The court may be more inclined to consider a restraint to be reasonable if the employee is adequately compensated for the restraint. So, for example, if the employee will receive their full salary whilst complying with the restraint, the restraint will more likely be enforceable even though the employee is unable to use his skills and knowledge to work.
Termination of Employment
Where an employer breaches the employment contract, it is possible that the post-employment restrictive covenants do not survive the termination of employment.
Under Hong Kong employment law, a restrictive covenant must be sufficiently clear and unambiguous. An uncertain or ambiguous term will be construed against the employer.
For instance, a court may have difficulty construing a clause prohibiting solicitation of “senior employees” if there is no definition of a “senior employee”. In these circumstances, it may construe the term differently than the employer expected.

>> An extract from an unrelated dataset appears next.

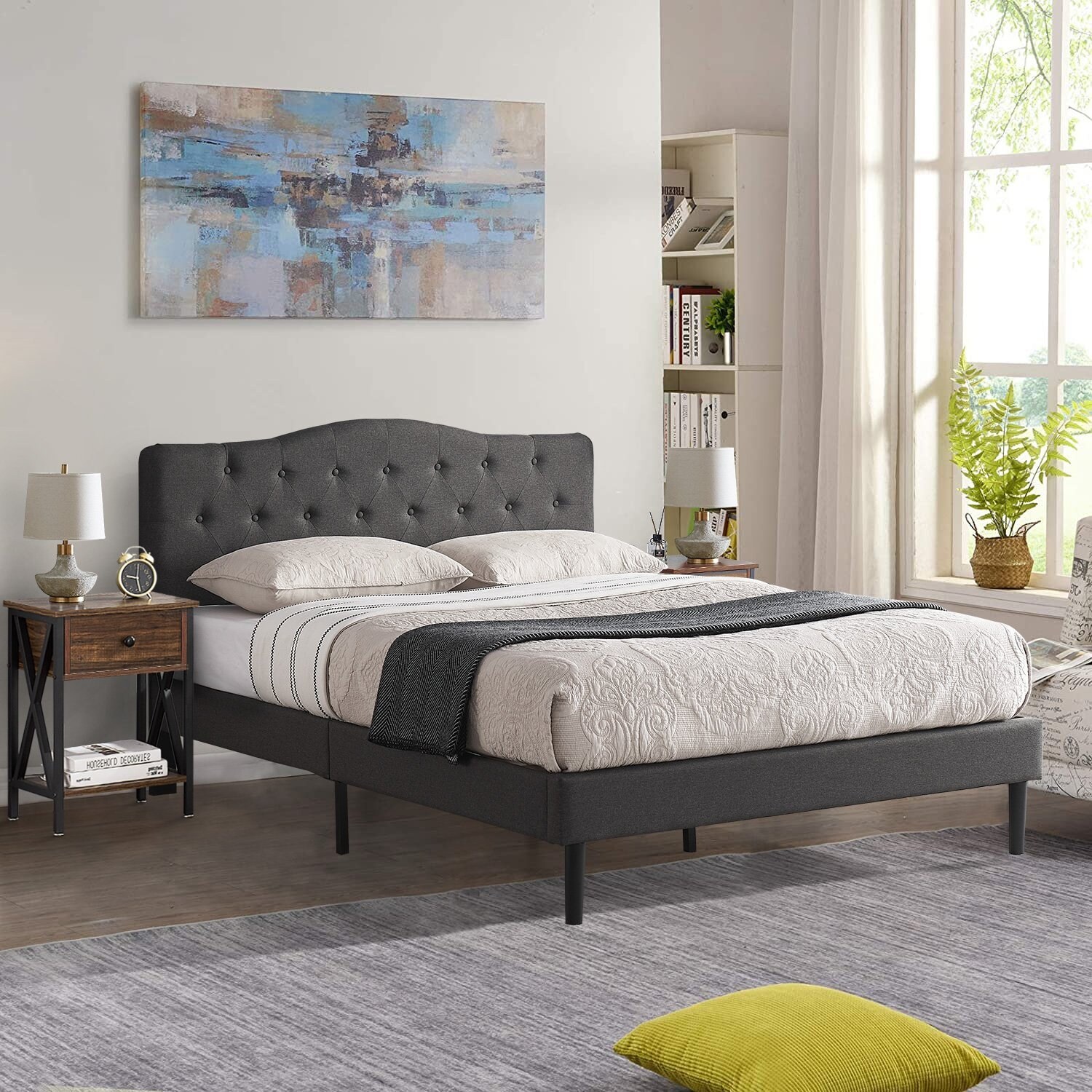 Taomika 3-Pieces Bedroom Sets with Adjustable Height Upholstered Dark Grey Bed Frame

Court Approach Where Restraint Unenforceable
Generally, the court will not rewrite a post-employment restrictive covenant to turn an unenforceable restraint into one that is enforceable. Thus, for example, a court will not reduce the period of restriction stated to be 12 months down to 6 months. The court may however, delete specific language which it considers to be unreasonable from a restrictive covenant so that the restraint becomes reasonable. So, for example, where a restraint provides for a restriction on “Hong Kong, Singapore and Malaysia”, the court may opt to strike down the restriction in Singapore but keep the restrictions in Hong Kong and Malaysia.